:: RECORDS FOR THIS EXERCISE ::
——————
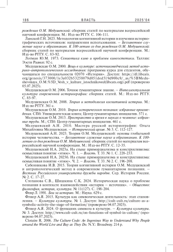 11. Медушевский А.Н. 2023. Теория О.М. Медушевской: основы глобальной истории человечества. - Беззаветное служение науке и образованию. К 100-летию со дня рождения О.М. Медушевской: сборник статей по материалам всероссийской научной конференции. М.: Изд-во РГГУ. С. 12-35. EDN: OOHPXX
——————
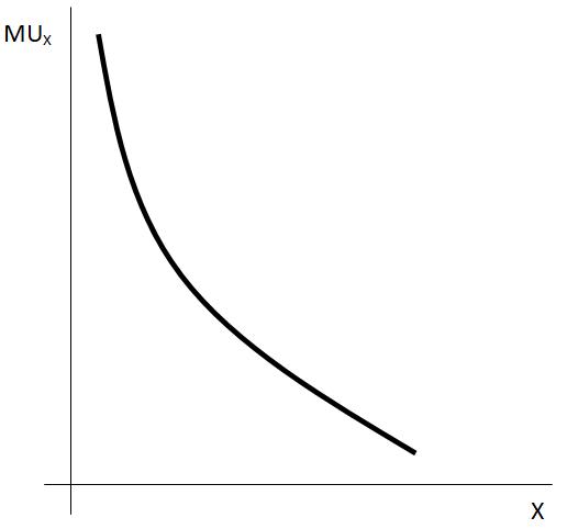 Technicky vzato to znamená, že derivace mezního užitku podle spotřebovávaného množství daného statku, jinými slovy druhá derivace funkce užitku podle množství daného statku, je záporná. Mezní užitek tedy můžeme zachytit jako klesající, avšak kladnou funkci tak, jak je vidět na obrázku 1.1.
——————
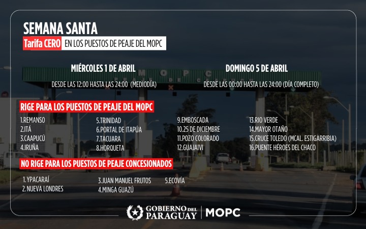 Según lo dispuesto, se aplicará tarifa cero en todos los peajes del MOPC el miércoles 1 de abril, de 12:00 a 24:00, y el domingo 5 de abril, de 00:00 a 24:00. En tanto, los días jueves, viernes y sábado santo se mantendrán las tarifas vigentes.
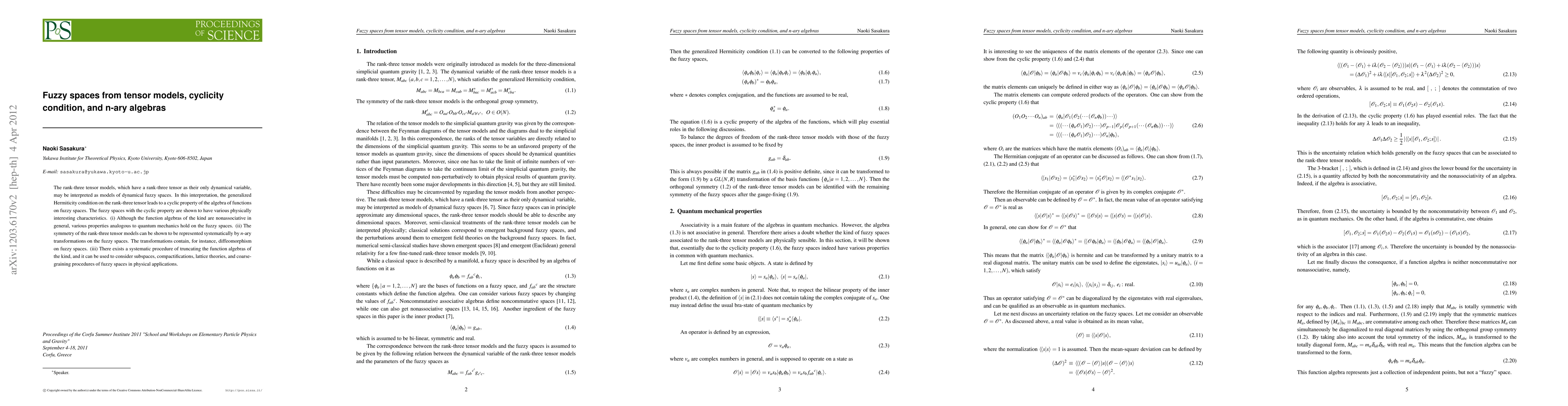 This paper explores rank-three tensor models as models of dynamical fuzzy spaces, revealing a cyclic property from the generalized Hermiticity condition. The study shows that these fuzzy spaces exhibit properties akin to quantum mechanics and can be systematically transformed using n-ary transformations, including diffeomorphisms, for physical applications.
——————
:: TASK REQUIREMENTS ::
Range to copy from the records above: the line containing "Según lo dispuesto, se" to the line containing "This paper explores", both included. Output those lines exactly and only those, skipping pictures.

:: EXERCISE ANSWER ::
 Según lo dispuesto, se aplicará tarifa cero en todos los peajes del MOPC el miércoles 1 de abril, de 12:00 a 24:00, y el domingo 5 de abril, de 00:00 a 24:00. En tanto, los días jueves, viernes y sábado santo se mantendrán las tarifas vigentes.
 This paper explores rank-three tensor models as models of dynamical fuzzy spaces, revealing a cyclic property from the generalized Hermiticity condition. The study shows that these fuzzy spaces exhibit properties akin to quantum mechanics and can be systematically transformed using n-ary transformations, including diffeomorphisms, for physical applications.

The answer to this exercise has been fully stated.